*** Opening Given data ***
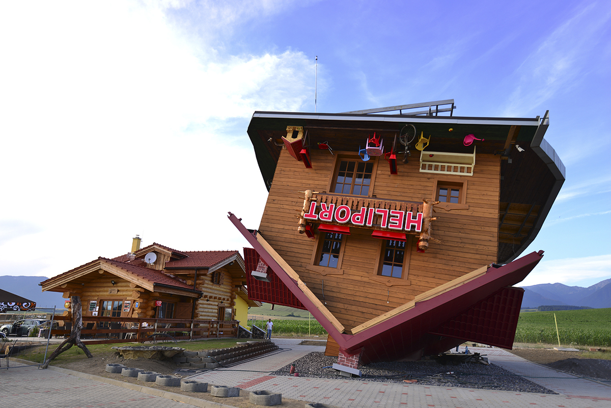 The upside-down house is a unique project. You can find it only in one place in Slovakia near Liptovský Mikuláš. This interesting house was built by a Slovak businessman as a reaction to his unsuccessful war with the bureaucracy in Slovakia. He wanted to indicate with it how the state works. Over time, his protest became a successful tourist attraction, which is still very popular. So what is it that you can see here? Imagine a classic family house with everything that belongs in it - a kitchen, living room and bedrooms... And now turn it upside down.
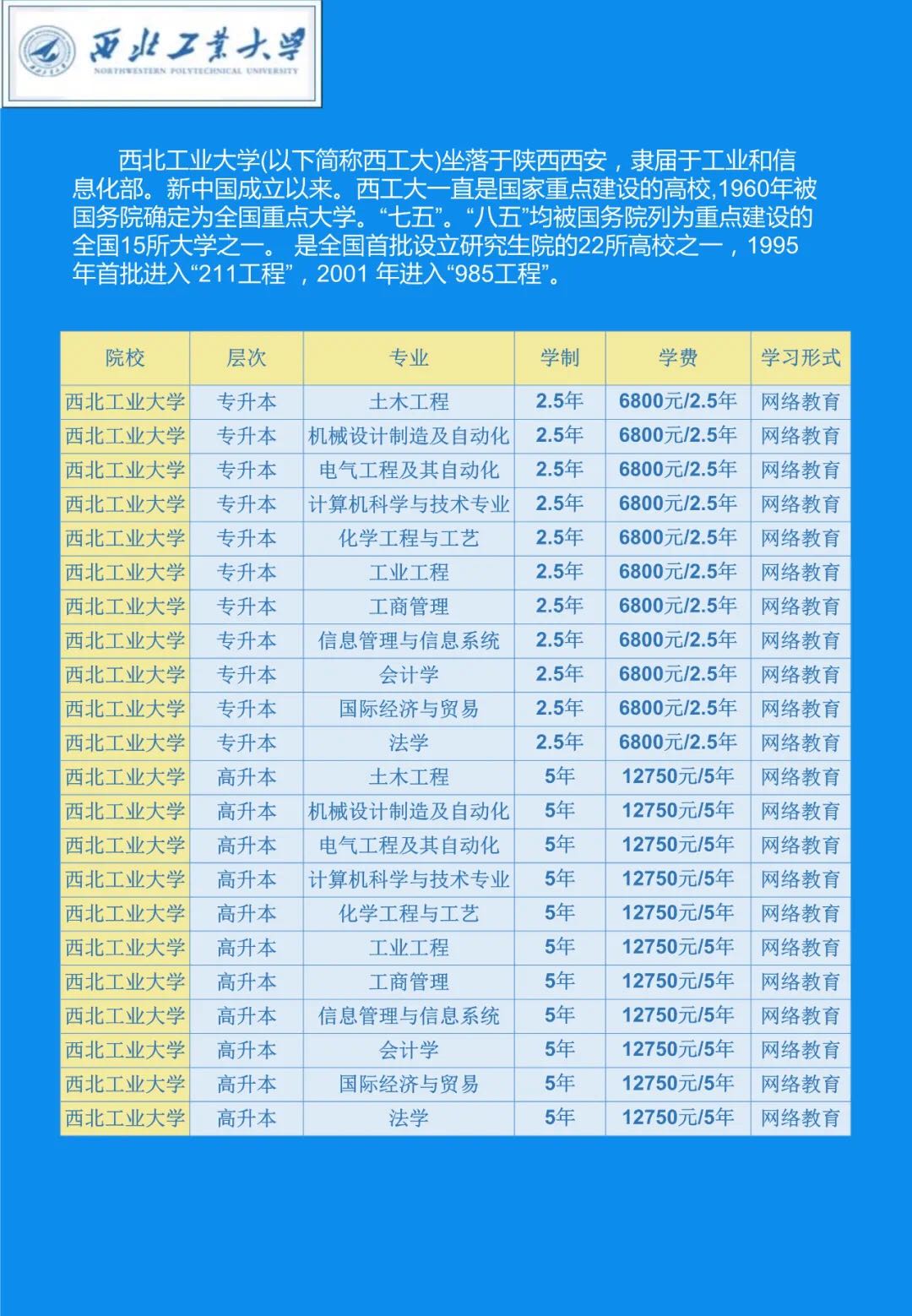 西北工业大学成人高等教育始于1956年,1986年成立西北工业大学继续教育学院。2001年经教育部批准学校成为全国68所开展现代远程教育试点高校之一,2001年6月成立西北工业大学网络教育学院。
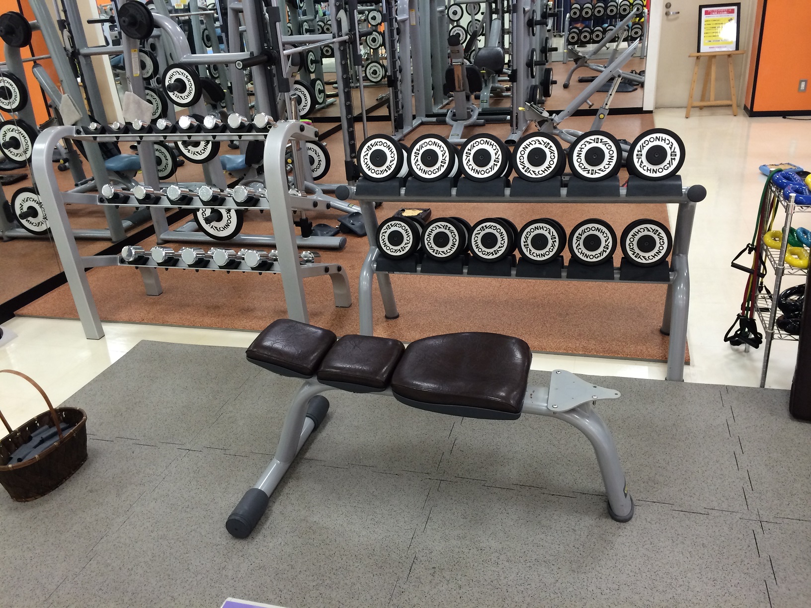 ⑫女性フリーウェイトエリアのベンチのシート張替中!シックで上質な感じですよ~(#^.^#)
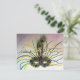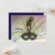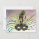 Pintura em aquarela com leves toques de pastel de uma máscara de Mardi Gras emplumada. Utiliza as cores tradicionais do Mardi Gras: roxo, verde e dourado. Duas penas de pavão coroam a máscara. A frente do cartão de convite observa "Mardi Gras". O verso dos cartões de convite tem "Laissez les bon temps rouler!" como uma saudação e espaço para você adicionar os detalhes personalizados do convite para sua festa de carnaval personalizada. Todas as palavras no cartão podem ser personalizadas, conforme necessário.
*** Closing Given data ***
Skip all pictures. Write out only the lines from the one containing "西北工业大学成人高等教育始于" to the end of the listing above, inclusive, exactly as given.

Exercise response —
 西北工业大学成人高等教育始于1956年,1986年成立西北工业大学继续教育学院。2001年经教育部批准学校成为全国68所开展现代远程教育试点高校之一,2001年6月成立西北工业大学网络教育学院。
 ⑫女性フリーウェイトエリアのベンチのシート張替中!シックで上質な感じですよ~(#^.^#)
 Pintura em aquarela com leves toques de pastel de uma máscara de Mardi Gras emplumada. Utiliza as cores tradicionais do Mardi Gras: roxo, verde e dourado. Duas penas de pavão coroam a máscara. A frente do cartão de convite observa "Mardi Gras". O verso dos cartões de convite tem "Laissez les bon temps rouler!" como uma saudação e espaço para você adicionar os detalhes personalizados do convite para sua festa de carnaval personalizada. Todas as palavras no cartão podem ser personalizadas, conforme necessário.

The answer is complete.